Amazon is winning business from older, big box rivals by delivering virtually any product to customers at a low cost, and at times faster than it takes to buy goods from a physical store. It acquired Whole Foods for $13.7 billion in August to help it deliver groceries to shoppers' doorsteps.
Amazon's results defied expectations that it would invest nearly all of its earnings into new areas as it has in the past. The world's largest online retailer said net income rose to $256 million, or 52 cents per share in the quarter ended Sept. 30. Analysts on average were expecting 3 cents per share, according to Thomson Reuters I/B/E/S.
Prime Day, a summer marketing event Amazon has created to replicate the shopping frenzy that is more typical of the winter holiday season, helped boost sales.
The event fared better this year internationally than last year, Amazon's Chief Financial Officer Brian Olsavsky said on a call with reporters.
Revenue jumped 34 percent to $43.7 billion in the third quarter, including $1.3 billion in sales from the upscale grocer. Analysts had expected $42.1 billion.
This was "another strong performance, with top-line growth accelerating in the core retail segment," Baird Equity Research analyst Colin Sebastian said.
In a first, Amazon broke out sales for its online retail business and for its physical bookstores and Whole Foods locations. Revenue from its online stores jumped 22 percent to $26.4 billion, the fastest growth Amazon has seen in the segment in more than a year.
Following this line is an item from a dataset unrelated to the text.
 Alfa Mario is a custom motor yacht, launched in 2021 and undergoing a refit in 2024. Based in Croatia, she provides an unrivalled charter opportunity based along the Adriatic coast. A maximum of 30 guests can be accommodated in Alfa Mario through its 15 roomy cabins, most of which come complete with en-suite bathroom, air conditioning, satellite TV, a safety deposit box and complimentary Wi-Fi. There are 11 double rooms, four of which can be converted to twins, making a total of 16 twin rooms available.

Key to its success has been signing more people up for Amazon Prime, its fast-shipping and video-streaming club, whose members tend to buy more from the company. Revenue from subscription fees such as Prime showed unusually strong growth of 59 percent, to $2.4 billion.
And Amazon Web Services (AWS), the company's most profitable unit, which handles data and computing for large enterprises, posted a 41.9 percent rise in sales to $4.58 billion, beating the average estimate of $4.52 billion, according to analytics firm FactSet.
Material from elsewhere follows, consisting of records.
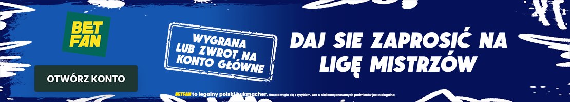 Zarejestruj się z kodem promocyjnym BETFAN „GRAMGRUBO” i zgarnij zakład bez ryzyka na Ligę Mistrzów 20 albo 40 PLN (stawka do wyboru) ze zwrotem na konto główne! KLIKNIJ TUTAJ albo w poniższy baner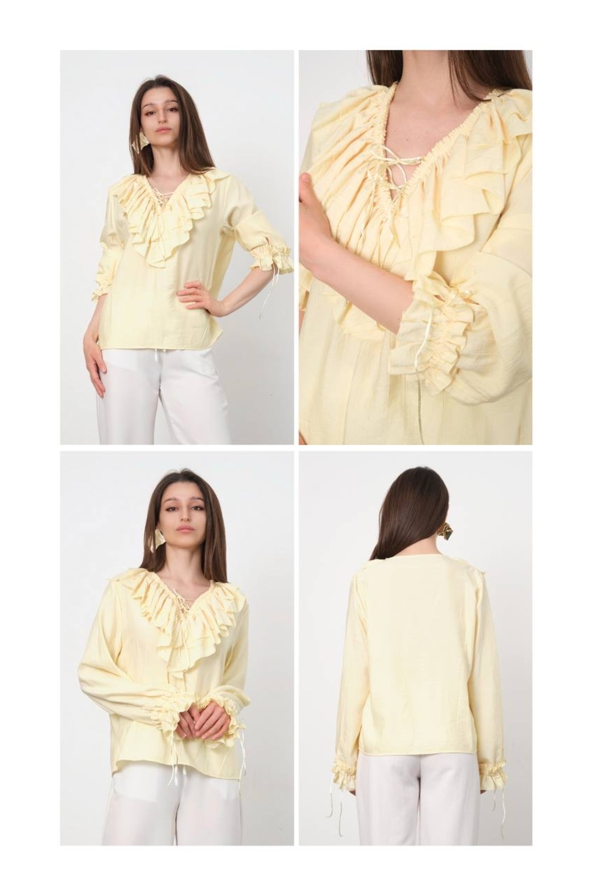 Sarı Fırfır Detaylı Bağlamaşı Gömlek Bluz Sarı Fırfır Detaylı Bağlamaşı Gömlek Bluz bffsf1 40
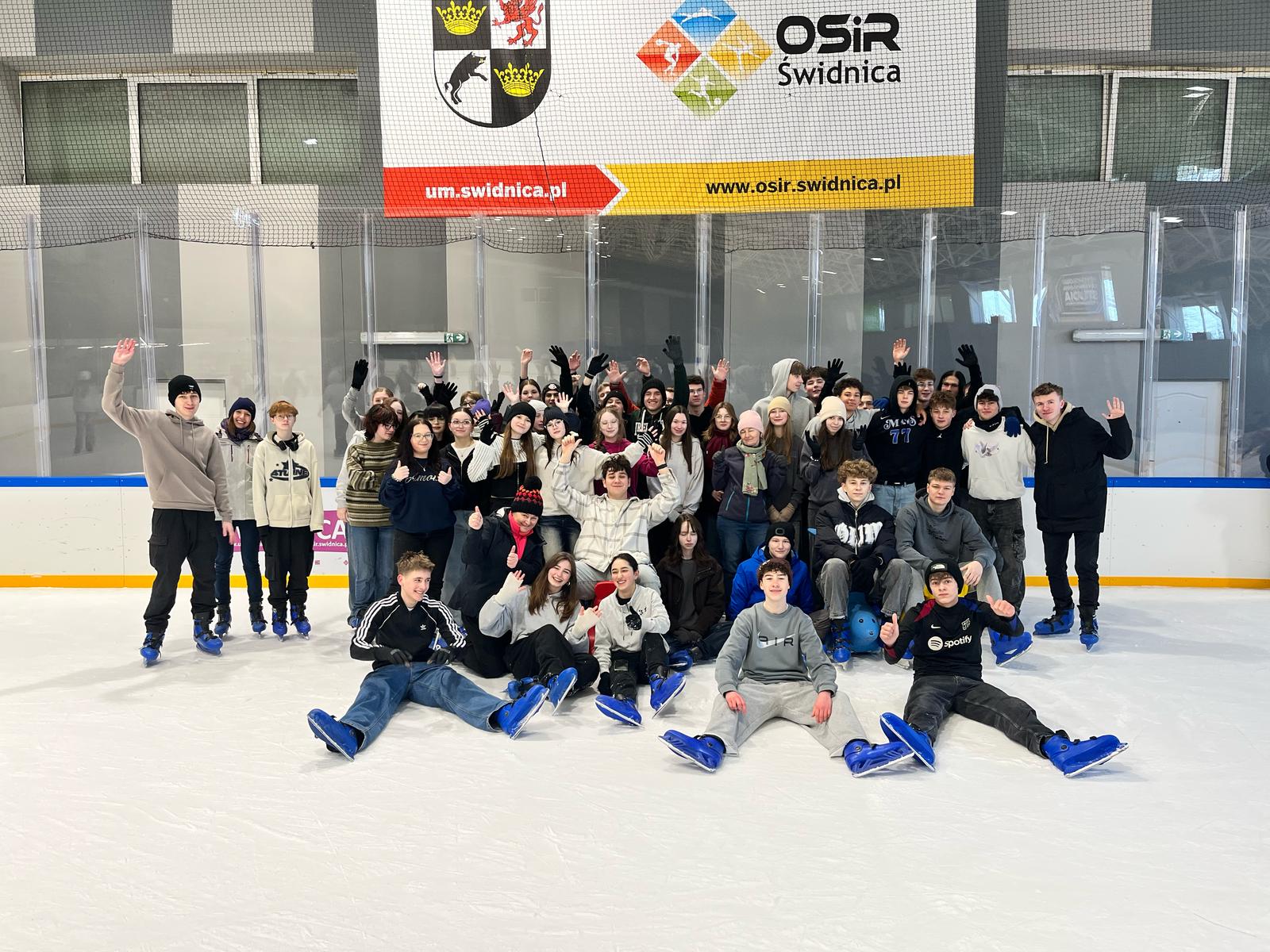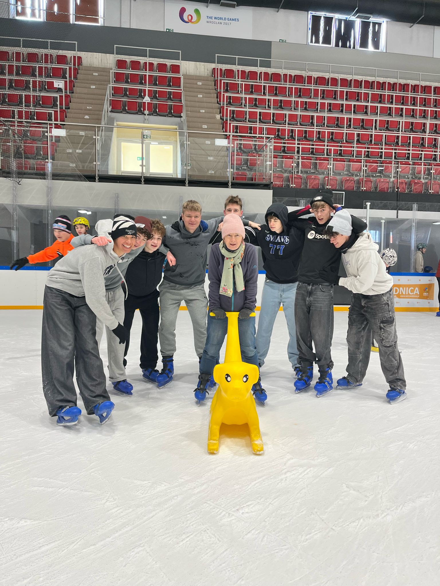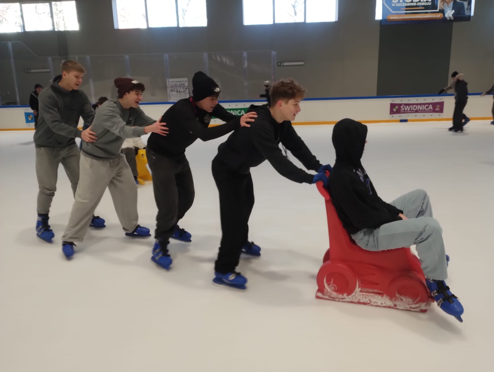 Wielu uczniów stawiających pierwsze kroki na lodzie mogło liczyć na cenne wskazówki i pomoc kolegów. Poza nauką zajęcia wypełniła super zabawa, która zintegrowała oba zespoły klasowe.

"They are firing on all cylinders. The machine is churning," Benchmark Co analyst Daniel Kurnos said.
Amazon expects an operating profit in the current quarter between $300 million and $1.65 billion. Analysts are expecting $930.78 million for this critical holiday sales period, according to Thomson Reuters I/B/E/S.
STILL BETTING ON HOLLYWOOD
Amazon shares have a high valuation, with a price-to-earnings ratio more than eight times that of cloud-computing rival Microsoft Corp (MSFT.O), for instance.
Unlike peers, Amazon runs on razor-thin profit margins because it sinks most of its profit back into its business.
In a call with media, CFO Olsavsky listed a dizzying number of investments: warehouses around the world to ship goods faster to shoppers, data centers to handle the computing needs of large enterprises, and a 77 percent uptick in employees last quarter, including Whole Foods workers.
The company plans to spend more on video content next year as well, Olsavsky said. Analysts estimate Amazon will have spent $4.5 billion this year.
The commitment to content comes after Amazon Studios chief Roy Price resigned last week, and other top studio hands left the company.
It is unclear what impact the shakeup may have on Amazon's ability to secure video that competes with Netflix Inc (NFLX.O) for viewers' attention.
Amazon Studios came up short at the Primetime Emmy Awards last month, and some have criticized it for not appealing to a broad audience.
The company's shares, which closed down 0.05 percent on Thursday, rose about 7.5 percent to $1,046.00 in after-hours trading following the earnings statement. They had gained about 30 percent this year.